* [Work to be completed]:
Without including any images, repeat the listing below exactly.

* [Records to use]:
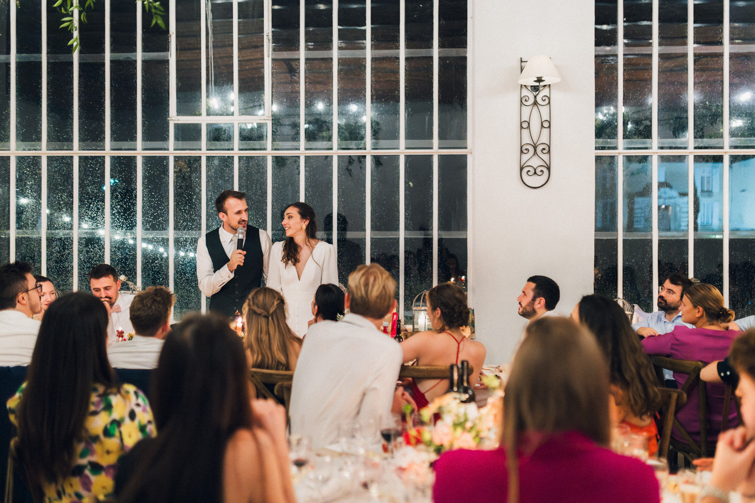 Il a quand même bien fallu passer à table (à 22h passée si mes souvenirs sont bons), pour déguster un délicieux repas cuisiné par le Moulin de Poustagnacq, entrecoupé de discours réalisés par les témoins de Coline et Julien. Tout le monde a ri, pleuré, souri à s’en décrocher la mâchoire pendant cette soirée, avant de se jeter à corps perdu sur la piste danse. Un bel orage d’été grondait dehors.
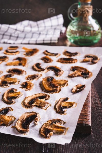 Запеченные острые грибные чипсы на бумаге на деревянной доске вертикальный вид
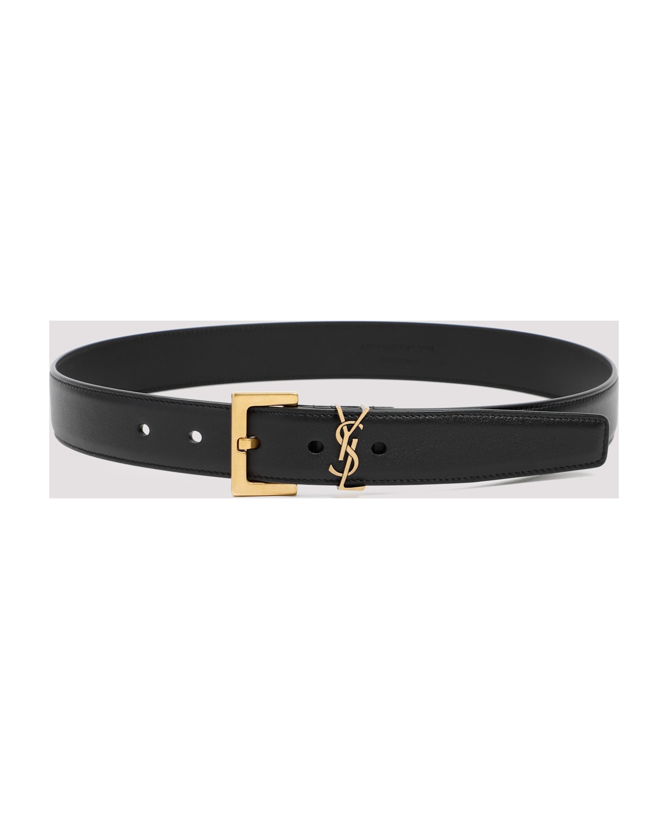Saint Laurent Black Leather Belt with YSL Monogram. Black leather, gold-toned metal hardware, adjustable buckle fastening, YSL logo Loop.
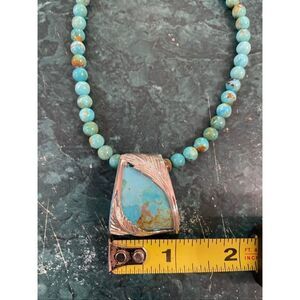 ✨ Turquoise gemstone beads with natural matrix strung along the necklace.
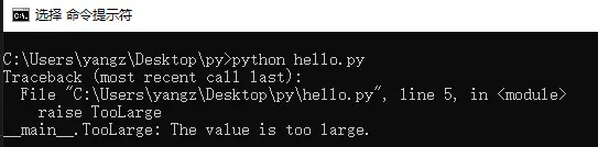 如果输入的不是整数,就触发TypeError("输入了错误的数据类型"),如果整数大于一千,就触发TooLarge。至此,读者应当掌握了自定义异常和触发他们的方法。
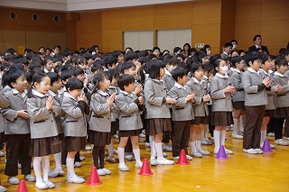 本日、無事今年度の修了式を終えることができました。1年生から5年生までの児童は、それぞれの学年の課程を修了し、次の学年へ進級します。修了式のあと、子どもたちは、一人ひとりの成長が記されている通知表を担任から少し緊張気味に受け取っていました。
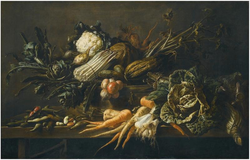 Keywords: Adriaen van Utrecht - Still life of artichoke, asparagus, green cabbage, onions, beans, carrots and other vegetables, all upon a wooden bench.jpg Still life of artichoke asparagus green cabbage onions beans carrots and other vegetables all upon a wooden bench 1641 oil on canvas size cm 75 9 119 4 object history signed and dated lower left on the bench Adriaen van utrecht fe Ano 1641 http //www sothebys com/en/auctions/ecatalogue/2015/old-master-british-paintings-l15030/lot 348 html Sold at Sotheby's on 29 April 2015 London PD-old-100 Still life paintings by Adriaen van Utrecht Still life paintings of fish 17th-century oil on canvas paintings Carrots in art Artichokes in art |
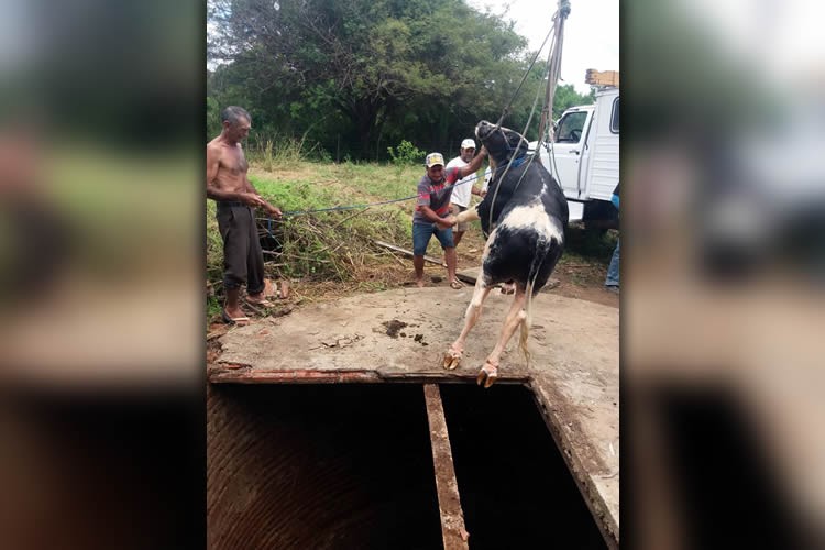 para resgatar um boi de quase 200 quilos que havia caído em um cacimbão de nove

* [Exercise answer]:
 Il a quand même bien fallu passer à table (à 22h passée si mes souvenirs sont bons), pour déguster un délicieux repas cuisiné par le Moulin de Poustagnacq, entrecoupé de discours réalisés par les témoins de Coline et Julien. Tout le monde a ri, pleuré, souri à s’en décrocher la mâchoire pendant cette soirée, avant de se jeter à corps perdu sur la piste danse. Un bel orage d’été grondait dehors.
 Запеченные острые грибные чипсы на бумаге на деревянной доске вертикальный вид
Saint Laurent Black Leather Belt with YSL Monogram. Black leather, gold-toned metal hardware, adjustable buckle fastening, YSL logo Loop.
 ✨ Turquoise gemstone beads with natural matrix strung along the necklace.
 如果输入的不是整数,就触发TypeError("输入了错误的数据类型"),如果整数大于一千,就触发TooLarge。至此,读者应当掌握了自定义异常和触发他们的方法。
 本日、無事今年度の修了式を終えることができました。1年生から5年生までの児童は、それぞれの学年の課程を修了し、次の学年へ進級します。修了式のあと、子どもたちは、一人ひとりの成長が記されている通知表を担任から少し緊張気味に受け取っていました。
 Keywords: Adriaen van Utrecht - Still life of artichoke, asparagus, green cabbage, onions, beans, carrots and other vegetables, all upon a wooden bench.jpg Still life of artichoke asparagus green cabbage onions beans carrots and other vegetables all upon a wooden bench 1641 oil on canvas size cm 75 9 119 4 object history signed and dated lower left on the bench Adriaen van utrecht fe Ano 1641 http //www sothebys com/en/auctions/ecatalogue/2015/old-master-british-paintings-l15030/lot 348 html Sold at Sotheby's on 29 April 2015 London PD-old-100 Still life paintings by Adriaen van Utrecht Still life paintings of fish 17th-century oil on canvas paintings Carrots in art Artichokes in art |
 para resgatar um boi de quase 200 quilos que havia caído em um cacimbão de nove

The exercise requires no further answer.